I respect your opinion and I have been long. But I really don't understand why the NRF management keep changing their accounting metric, making it hard hard to compare quarter vs quarter...
what is your take?
If you are referring to affo vs cad, both of which are defined by nrf, it's at long last nrf''s admission that affo became a worthless metric when the vie's were consolidated. Assets of the vie's can only be used to satisfy the liabilities of the respective vie. NRF tells the public that affo does NOT represent funds which can be spent at management's discretion in every earnings press release.
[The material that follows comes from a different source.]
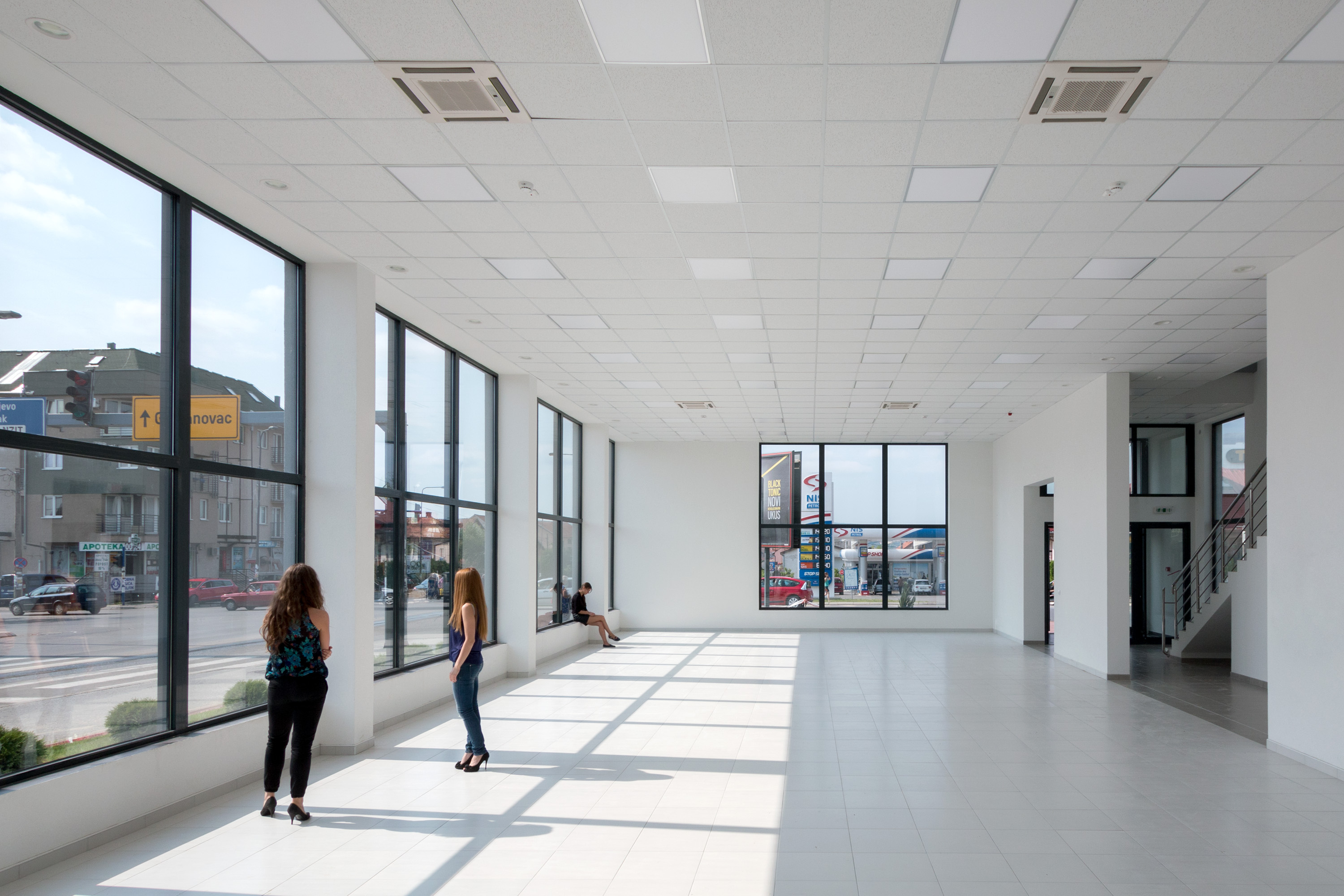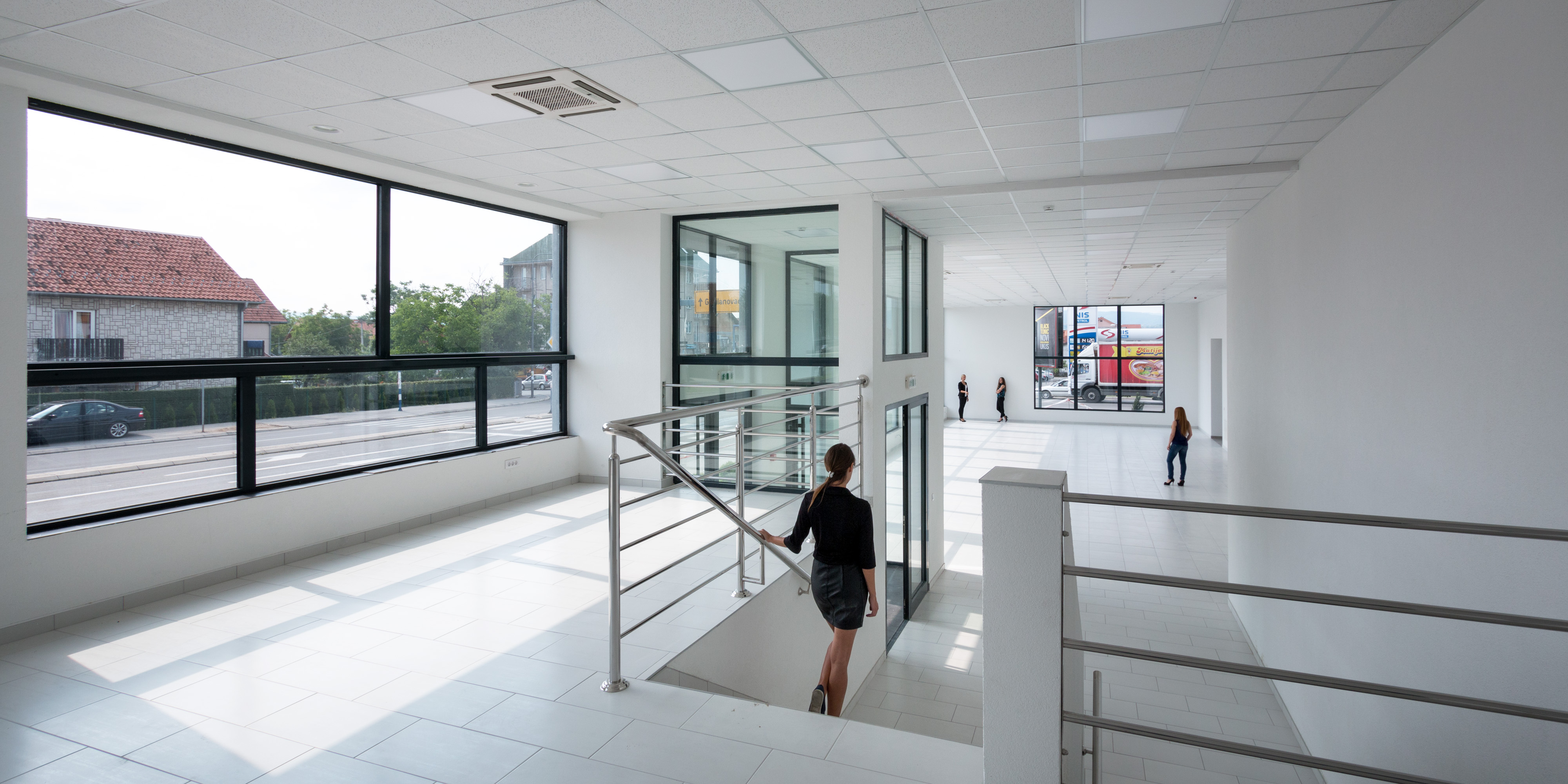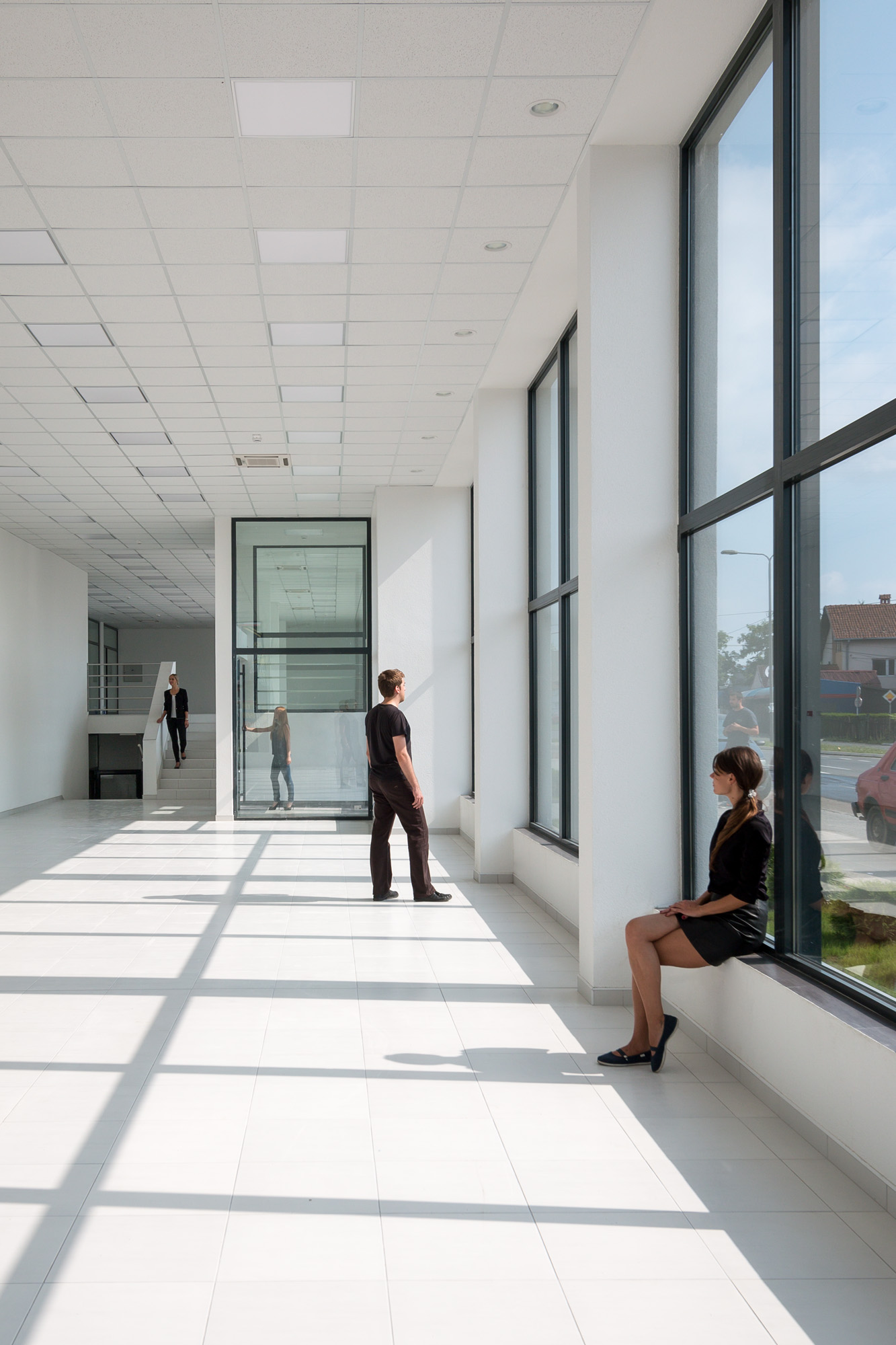 The challenge of the project was to come up with very limited resources and to achieve a quality architecture that comfortably handles the basic architectural elements, such as columns, walls, slabs, and openings, in order to create an airy interior with purified structure appropriate to the showroom and, relatively strict, business-like exterior of the building with rhythmic facade openings.

PLUS, cr@p gaap accounting for the vies caused gross, wildly swinging pops & drops in affo. Interest income goes up 30 million y/y and interest expense does not change. Then another quarter interest income goes down big time y/y and interest expense does not change. Cr@p gaap fair value accounting for the vies causes write-up to net income to increase affo whereas write downs to net income go to unrealized losses which does NOT decrease affo. Cr@p gaap fair value accounting for the vies makes affo an economic fiction.
I posted about this over and over again in the fall of 2010 throught 2011.
NRF bought vie debts at huge discounts to par. When these debts get paid, NRF realized huge, cash gains.
BUT, because the vies are consolidated NRF's gain gets eliminated in consolidation. It does not appear in the quarterly financial statements, but it is cash to nrf which can be paid out as dividends.
Enron caused the change in the rules mandating consolidation of certain vies. The cr@p gaap bosses did it, not nrf. NRF just followed the rules which makes their gaap operating statements worthless. Cash is king.
Cash available for distribution is the proper metric to watch.